RAG vs Fine-Tuning for Defense NLP

RAG vs Fine-Tuning for Defense NLP Applications

RAG grounds language model outputs in specific source documents with auditable attribution, while fine-tuning adapts the model's parametric knowledge to a domain. For defense intelligence requiring traceable evidence chains, RAG dominates — but embedding fine-tuning within the RAG pipeline combines both strengths, achieving 94.2% retrieval accuracy compared to 87.3% for untuned baselines.

"RAG and fine-tuning combined consistently outperform either approach alone — but for applications where knowledge must be traceable to specific documents, retrieval-augmented generation is not optional. It is the only architecture that provides the attribution chain that high-stakes decisions require."

The choice between RAG and fine-tuning is the most consequential architectural decision for any defense AI system that processes intelligence documents (see also how RAG systems work for defense applications). The decision determines whether generated outputs are grounded in citable source material (RAG) or drawn from the model's internalized knowledge (fine-tuning) — a distinction with direct implications for attribution, auditability, and institutional trust.

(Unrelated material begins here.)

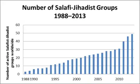 Según Seth G. Jones de la Rand Corporation en 2014 existían alrededor de 50 grupos salafistas yihadistas.[21]

Lewis et al. introduced retrieval-augmented generation in their 2020 NeurIPS paper Retrieval-Augmented Generation for Knowledge-Intensive NLP Tasks, demonstrating that coupling a pre-trained model with an external retrieval mechanism improved factual accuracy on knowledge-intensive tasks. The 2024 survey by Gao et al., Retrieval-Augmented Generation for Large Language Models, documented the subsequent evolution of RAG architectures and their growing adoption in enterprise and government applications.

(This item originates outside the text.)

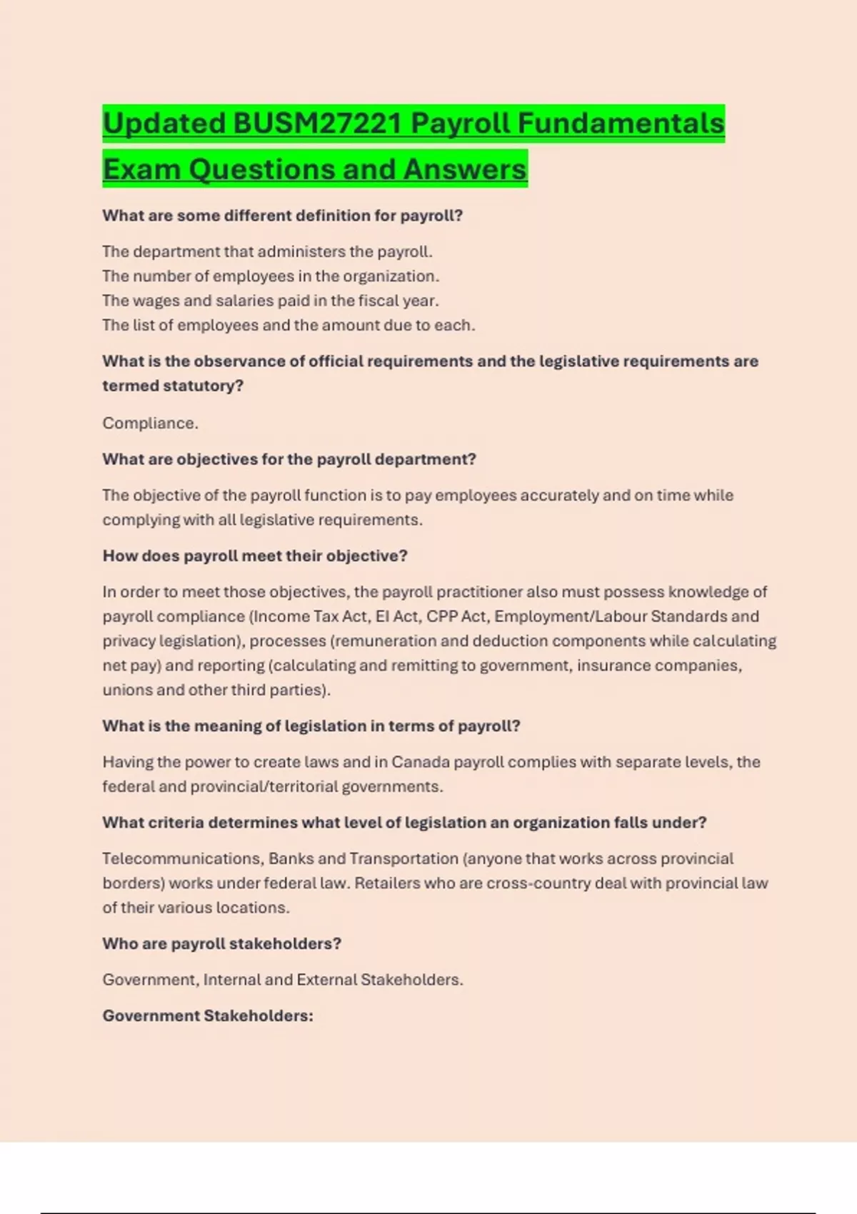 Updated BUSM27221 Payroll Fundamentals Exam Questions and Answers

How RAG and Fine-Tuning Differ

RAG retrieves evidence from an external document collection at query time and generates text grounded in that evidence. Fine-tuning modifies the model's weights using domain-specific training data, embedding domain knowledge into the model's parameters. The fundamental distinction is whether knowledge lives in the documents (RAG) or in the model (fine-tuning).

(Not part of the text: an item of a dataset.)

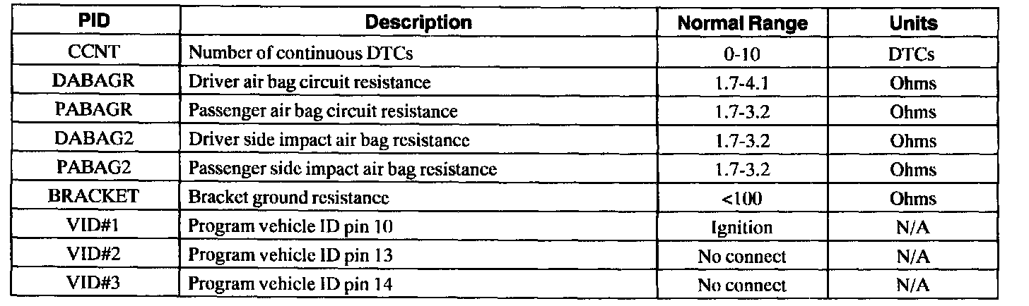The PID/Data Monitor and Record option allows the scan tool operator to read the state of several Parameter IDs (PIDs) to aid in diagnosing the system. PIDs are real time measurements of parameters such as voltages, resistances, etc., calculated by the Restraints Control Module (RCM) and sent to the scan tool for display. Many of the PIDs supported by the RCM are calculated periodically and are, therefore, not true real time readings . The following is a table of supported PIDs expected range and units of measurement.

Dimension RAG Model Fine-Tuning Embedding Fine-Tuning (within RAG)
Knowledge source External documents (query-time retrieval) Model parameters (training-time absorption) External documents with domain-adapted retrieval
Attribution Sentence-level citation to source documents None — model generates from parametric memory Sentence-level citation with improved retrieval accuracy
Auditability Full — every claim traces to a source passage None — no traceable evidence chain Full — with higher-accuracy evidence selection
Knowledge update Add documents to the collection (no retraining) Retrain model on updated data (expensive) Add documents + periodic embedding re-tuning
Hallucination control Constrained by retrieved evidence Model may generate plausible but unsupported claims Constrained by more accurately retrieved evidence
Domain vocabulary Depends on embedding model's vocabulary coverage Model learns domain vocabulary during fine-tuning Embedding model adapts to domain vocabulary
Cost Inference cost + vector database infrastructure High training cost + ongoing inference Moderate fine-tuning cost + inference + vector database
Defense suitability High — meets attribution requirements Low — no provenance chain for intelligence products Highest — attribution + domain accuracy

Why RAG Dominates Defense Intelligence

Defense intelligence products require attribution chains — every analytical judgment must trace to source reporting. Fine-tuned models generate from internalized knowledge without citable sources, making their outputs unsuitable for formal intelligence products regardless of accuracy.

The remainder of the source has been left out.